(Supplied records):
- - - - - - -

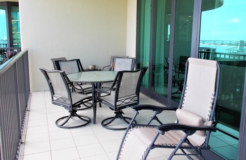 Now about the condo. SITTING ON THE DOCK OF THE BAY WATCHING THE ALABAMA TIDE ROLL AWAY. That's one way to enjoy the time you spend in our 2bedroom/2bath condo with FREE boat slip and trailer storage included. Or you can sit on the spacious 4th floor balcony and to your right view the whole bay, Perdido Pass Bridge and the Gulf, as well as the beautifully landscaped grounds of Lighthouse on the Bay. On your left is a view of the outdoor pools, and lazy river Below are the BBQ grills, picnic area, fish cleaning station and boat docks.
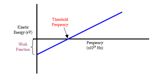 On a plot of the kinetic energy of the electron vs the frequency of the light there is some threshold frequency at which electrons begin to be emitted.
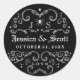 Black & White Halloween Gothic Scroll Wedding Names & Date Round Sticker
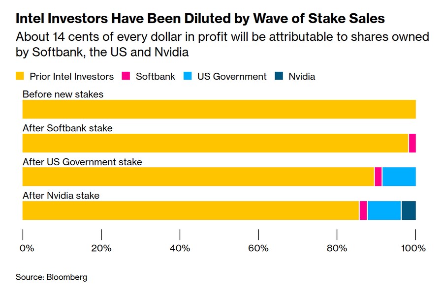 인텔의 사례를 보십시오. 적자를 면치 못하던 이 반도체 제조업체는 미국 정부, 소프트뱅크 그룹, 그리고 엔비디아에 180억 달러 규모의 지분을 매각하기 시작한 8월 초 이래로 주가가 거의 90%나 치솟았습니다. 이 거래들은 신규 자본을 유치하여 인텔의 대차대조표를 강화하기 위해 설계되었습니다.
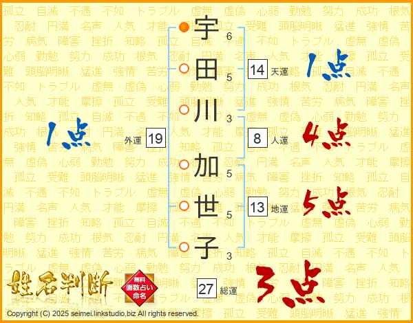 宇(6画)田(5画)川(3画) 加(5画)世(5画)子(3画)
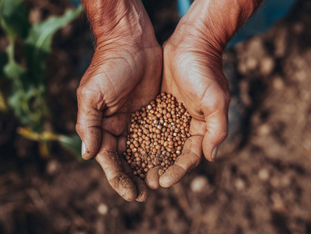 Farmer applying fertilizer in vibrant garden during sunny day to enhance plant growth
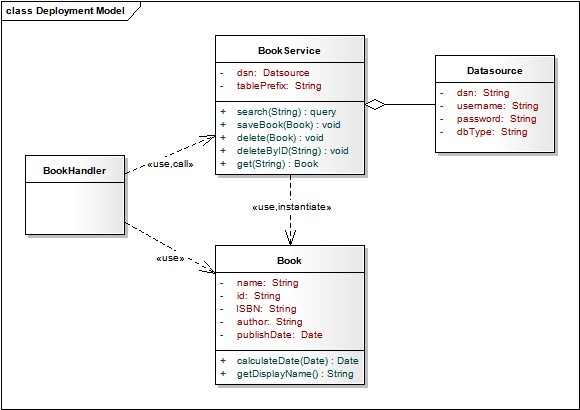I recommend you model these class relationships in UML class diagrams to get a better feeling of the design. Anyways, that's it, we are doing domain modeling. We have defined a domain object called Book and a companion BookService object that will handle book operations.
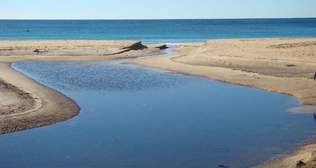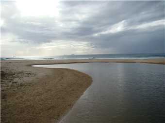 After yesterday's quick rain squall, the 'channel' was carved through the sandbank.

- - - - - - -

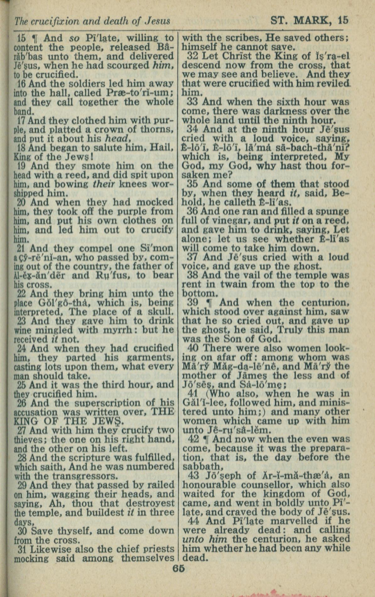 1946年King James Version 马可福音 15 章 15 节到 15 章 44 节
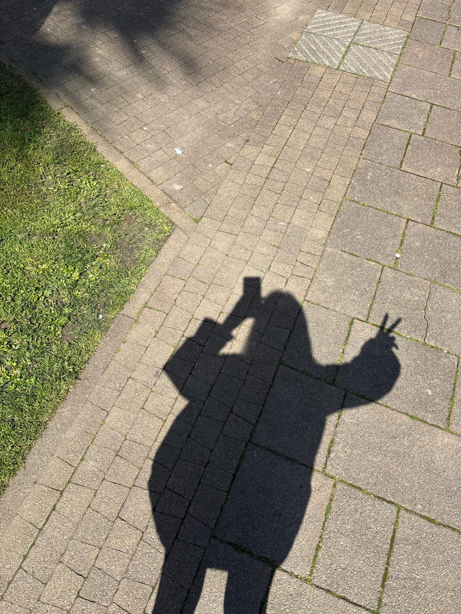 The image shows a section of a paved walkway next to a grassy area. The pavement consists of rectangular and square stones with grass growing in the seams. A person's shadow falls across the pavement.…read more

- - - - - - -

(Assignment): Give back exactly, and solely, the section of the data above bounded by the line containing "Now about the" and the line containing "Farmer applying fertilizer", both bounding lines included and pictures omitted.

(Worked solution):
 Now about the condo. SITTING ON THE DOCK OF THE BAY WATCHING THE ALABAMA TIDE ROLL AWAY. That's one way to enjoy the time you spend in our 2bedroom/2bath condo with FREE boat slip and trailer storage included. Or you can sit on the spacious 4th floor balcony and to your right view the whole bay, Perdido Pass Bridge and the Gulf, as well as the beautifully landscaped grounds of Lighthouse on the Bay. On your left is a view of the outdoor pools, and lazy river Below are the BBQ grills, picnic area, fish cleaning station and boat docks.
 On a plot of the kinetic energy of the electron vs the frequency of the light there is some threshold frequency at which electrons begin to be emitted.
 Black & White Halloween Gothic Scroll Wedding Names & Date Round Sticker
 인텔의 사례를 보십시오. 적자를 면치 못하던 이 반도체 제조업체는 미국 정부, 소프트뱅크 그룹, 그리고 엔비디아에 180억 달러 규모의 지분을 매각하기 시작한 8월 초 이래로 주가가 거의 90%나 치솟았습니다. 이 거래들은 신규 자본을 유치하여 인텔의 대차대조표를 강화하기 위해 설계되었습니다.
 宇(6画)田(5画)川(3画) 加(5画)世(5画)子(3画)
 Farmer applying fertilizer in vibrant garden during sunny day to enhance plant growth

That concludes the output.